### WHAT TO WORK ON:
Every line below is to be set down again exactly; any image stays out.

### INFORMATION PROVIDED:
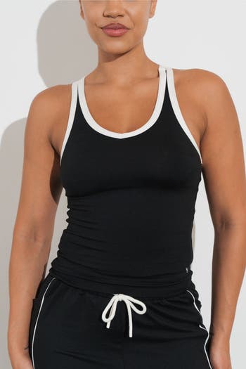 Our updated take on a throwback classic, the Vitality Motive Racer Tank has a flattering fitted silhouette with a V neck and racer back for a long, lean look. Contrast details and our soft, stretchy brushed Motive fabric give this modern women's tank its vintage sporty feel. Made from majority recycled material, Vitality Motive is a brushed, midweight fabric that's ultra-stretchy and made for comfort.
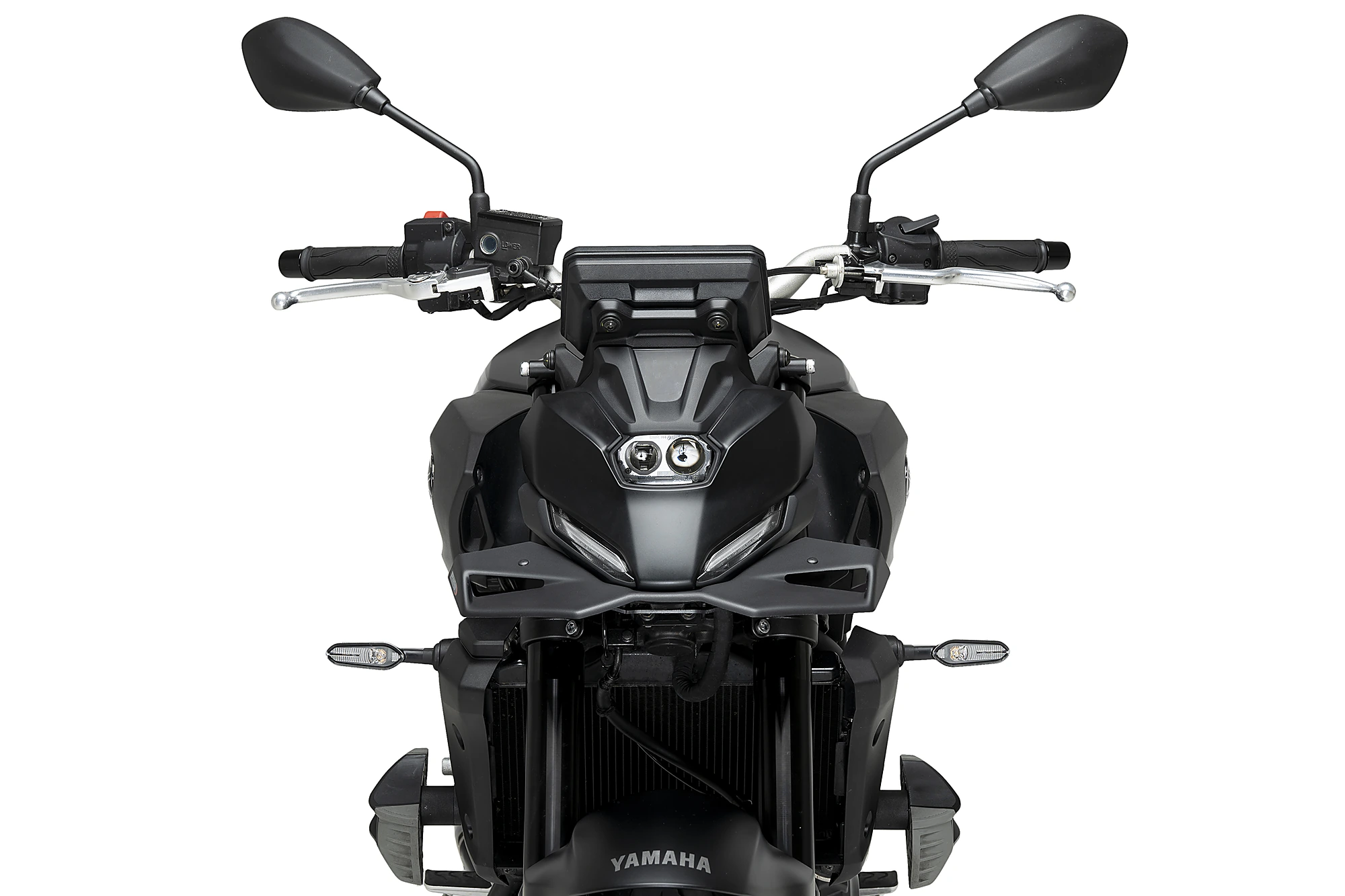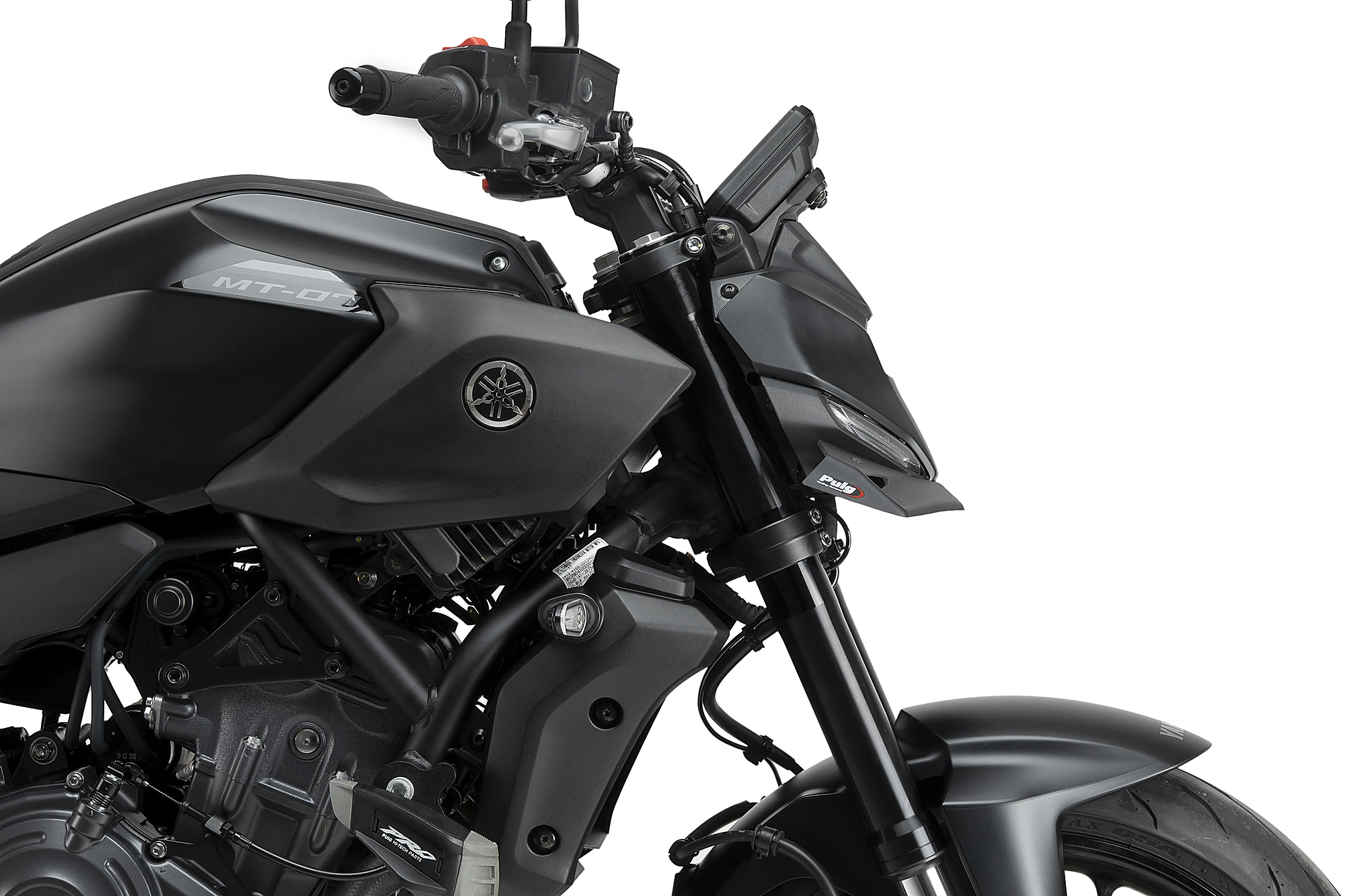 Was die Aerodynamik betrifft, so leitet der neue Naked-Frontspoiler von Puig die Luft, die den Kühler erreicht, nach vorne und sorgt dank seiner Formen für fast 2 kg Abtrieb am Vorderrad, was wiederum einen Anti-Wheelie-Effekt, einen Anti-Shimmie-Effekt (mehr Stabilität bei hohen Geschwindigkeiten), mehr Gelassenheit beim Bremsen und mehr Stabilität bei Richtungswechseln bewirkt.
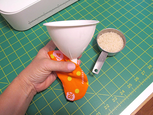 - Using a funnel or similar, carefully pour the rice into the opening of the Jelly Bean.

### COMPLETED EXERCISE:
 Our updated take on a throwback classic, the Vitality Motive Racer Tank has a flattering fitted silhouette with a V neck and racer back for a long, lean look. Contrast details and our soft, stretchy brushed Motive fabric give this modern women's tank its vintage sporty feel. Made from majority recycled material, Vitality Motive is a brushed, midweight fabric that's ultra-stretchy and made for comfort.
 Was die Aerodynamik betrifft, so leitet der neue Naked-Frontspoiler von Puig die Luft, die den Kühler erreicht, nach vorne und sorgt dank seiner Formen für fast 2 kg Abtrieb am Vorderrad, was wiederum einen Anti-Wheelie-Effekt, einen Anti-Shimmie-Effekt (mehr Stabilität bei hohen Geschwindigkeiten), mehr Gelassenheit beim Bremsen und mehr Stabilität bei Richtungswechseln bewirkt.
 - Using a funnel or similar, carefully pour the rice into the opening of the Jelly Bean.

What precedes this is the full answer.